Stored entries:
____
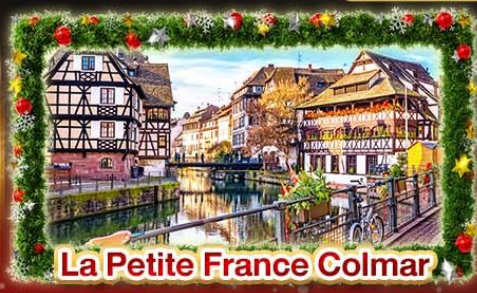
La Petite France Colmar
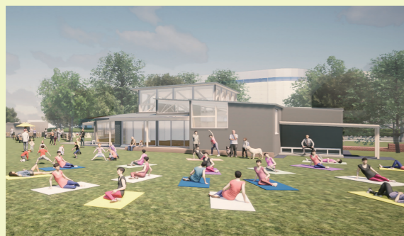
イメージ図。芝生広場では、青空ヨガやスポーツ教室も開催します
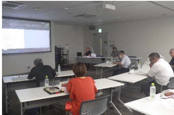
【公開プレゼンテーションの様子】

9月5日に開催した第2回公開プレゼンテーションでは、下記の提案事業を審査し、2件とも採択されました。
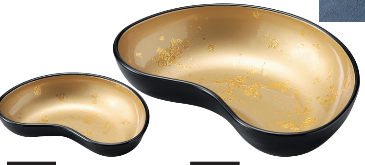
8-545-3 M-23-19 A 5寸 浮雲小鉢 色紙金箔天黒 (裏黒塗) [S-H塗] ¥1,850 (15.4×10.9×3)
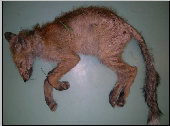
Abb. 3. Rüdiger Fuchs, tot aufgefunden: Der ganze Körper ist mit dicken Krusten bedeckt und der Haarausfall ist fast überall stark ausgeprägt.

als ob die Mehrheit der Individuen eine gewisse Immunität oder Resistenz gegenüber der Krankheit entwickelt hätte - über längere Zeitperioden beobachtet man ein zyklisches Auftreten der Krankheit. Andere Faktoren spielen ebenfalls eine Rolle in der Ausbreitung einer Epidemie: Die Bewegungen der einzelnen Individuen innerhalb einer Population (z.B. in Zusammenhang mit dem Nahrungsangebot), die Populationsdichte und das Sozialsystem bestimmen die Häufigkeit der Kontakte zwischen den Tieren und beeinflussen dadurch die Übertragung des Krankheitserregers. Eigentliche Epidemien sind tatsächlich nur bei sozialen Tierarten bekannt, wie bei Füchsen, Wölfen, Gämsen oder Steinböcken. Bei vorwiegend einzeltägerischen lebenden Arten wie Bär, Luchs, und Marder werden eher Einzelfälle festgestellt.
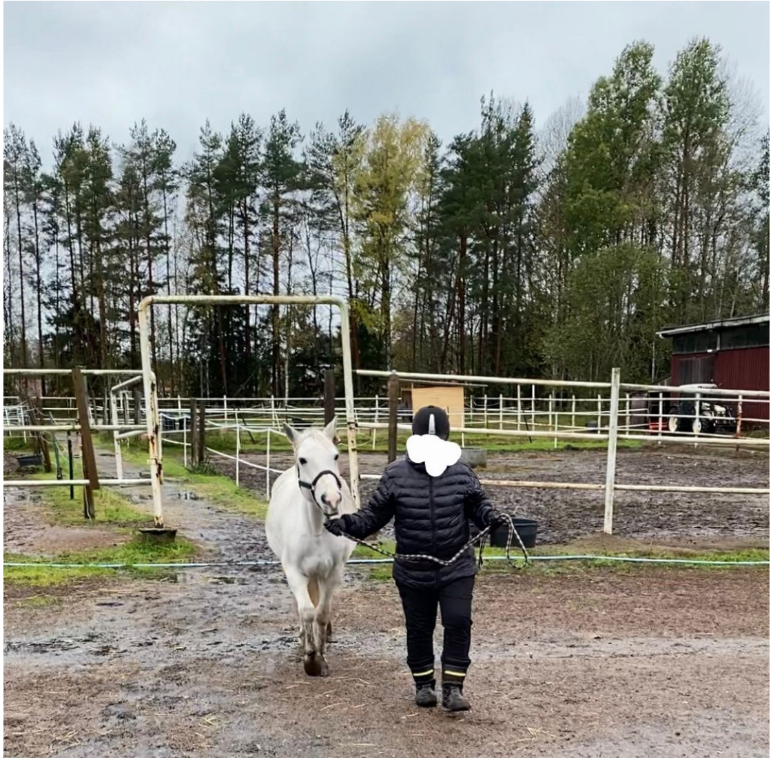
Kuva 5. Hevosen talutusta itsenäisesti ulkotarhauksesta sisälle.

on vaikea nähdä, kuten hevosen mahan alla tai kainaloissa. Samalla ryhmäläinen huomasi, että tuntuu hyvältä silittää hevosta paljaalla kädellä, turkin pehmeyttä on mukava hypistellä ja hevonen tuntuu lämpöiseltä käden alla.
____
_EXERCISE DIRECTIONS_
From the line holding "Kuva 5. Hevosen" through the final line of the data above, copy every line exactly as written. Include nothing else.

_SOLUTION FOR THIS EXERCISE_
Kuva 5. Hevosen talutusta itsenäisesti ulkotarhauksesta sisälle.

on vaikea nähdä, kuten hevosen mahan alla tai kainaloissa. Samalla ryhmäläinen huomasi, että tuntuu hyvältä silittää hevosta paljaalla kädellä, turkin pehmeyttä on mukava hypistellä ja hevonen tuntuu lämpöiseltä käden alla.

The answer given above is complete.